Singular keys are required for inlining as a dictionary.

There are two types of singular keys: “singular unique keys” and “identifiers“.

Singular unique keys

A “singular unique key” is defined by marking a slot with key: true. The slot marked as such is known as the “key slot” of the class that holds it.

Be mindful of the difference between a “singular unique key” and a “compound key” that happens to comprise only one slot! Consider the following example:

slots:
  name:

classes:
  Foo:
    slots:
      - name
    unique_keys:
      the_key:
        unique_key_slots:
          - name

which defines a Foo class that has a “compound unique key” comprising only the name slot, and this one:

slots:
  name:
    key: true

classes:
  Foo:
    slots:
      - name

which defines a Foo class that has a “singular unique key” name.

The unicity constraints in both cases are the same (there cannot be two instances of Foo with the same name within a given list), but:

  • only in the second form is the Foo class eligible for dict inlining;

  • in the second form the name slot is implicitly required, even without required: true (and in fact trying to explicitly make the slot optional with required: false would be ignored).

Or in other words, marking a slot with key: true is not merely a syntactic sugar for a unique_keys definition with only one slot!

Identifiers

An “identifier” is defined by marking a slot with identifier: true.
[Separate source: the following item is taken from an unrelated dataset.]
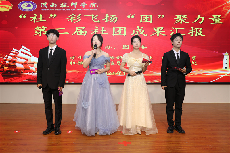 为贯彻落实学院党委“112336”工作思路,持续推进思想铸魂立德树人建设工程,深入开展学生“十个一”落实落地。2024年12月12日,“社”彩飞扬,“团”聚力量——学院第二届社团展演圆满落幕。党委书记曲志勇,党委副书记、院长张君升,党委副书记蔡小伦,党委委员、副院长石晓兰,党委委员、工会主席李瑞芳出席活动,各党支部书记、各部门负责人、社团指导教师共200余名师生现场观看了展演。本次展演采取现场展演和网上直播的方式同时进行,直播观看人数达6399人,点赞量超11.4万次。
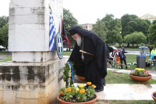 Κατόπιν ο κ. Νεκτάριος, παρά τις δυσμενείς καιρικές συνθήκες, τέλεσε επιμνημόσυνη δέηση στο Μνημείο της Ένωσης των Επτανήσων και κατέθεσε στεφάνι στην μνήμη του πρωτεργάτου της Ενώσεως, μακαριστού Μητροπολίτου Κερκύρας, Αθανασίου Πολίτου, ο τάφος του οποίου βρίσκεται στον ναό της Αγίας Τριάδος Γαρίτσας, και των αγωνιστών Κερκυραίων και άλλων Επτανησίων, παρουσία των αρχών της Κέρκυρας.

The slot marked as such is known as the “identifier slot” of the class that holds it.

Identifiers have the additional constraint, compared to singular unique keys, that their value must be globally unique (there cannot be two instances with the same identifier anywhere). In other words, their uniqueness scope is global, instead of being limited to an enclosing container.

The presence of an identifier is necessary to allow instances of a class to be referenced rather than inlined.

(Note that, since (1) singular unique keys and identifiers are two subtypes of singular keys and (2) any given class can have only one singular key, it naturally follows that a class can have either a singular unique key or an identifier, but not both. Using simultaneously key: true and identifier: true on two slots of the same class is an error.)

String serialization

A rule for generating the string value of a slot can be specified as a string_serialization

classes:
  Person:
    attributes:
      first:
      last:
      full:
        string_serialization: "{first} {last}"
  • Tools for performing missing value inference can then populate the full slot based on the other two slots

  • Tools for performing validation can use this to check slot values

    • if all 3 slots are populated, missing value inference can be used to check for consistency

    • if only full is provided, then the string can be checked (e.g. by a regex) to ensure the syntax is consistent

See:

Patterns

The value of a slot can be constrained to conform to a particular string pattern using the pattern metaslot

Example:

  slots:
     phone:
       pattern: "^[\\d\\(\\)\\-]+$"   ## regular expression

See:

Structured patterns

The structured_pattern construct allows you to provide patterns in a more structured way, and to reuse sub-patterns.

First you declare the patterns to be reused in the top level of your schema:

settings:
  float: "\\d+[\\.\\d+]"
  unit: "\\S+"
  email: "\\S+@\\S+{\\.\\w}+"

You can then use this inside a structured pattern:

  height:
    range: string
    structured_pattern:
      syntax: "{float} {unit.length}"
      interpolated: true
      partial_match: false

You can use gen-linkml to expand these into structured patterns

Minimum and Maximum values

Any numeric value can have minimum and maximum values specified

Expressions and other advanced features

The above describes the core constraint feature. See the advanced features guide for more on how to write rules and expressions for more expressive constraints.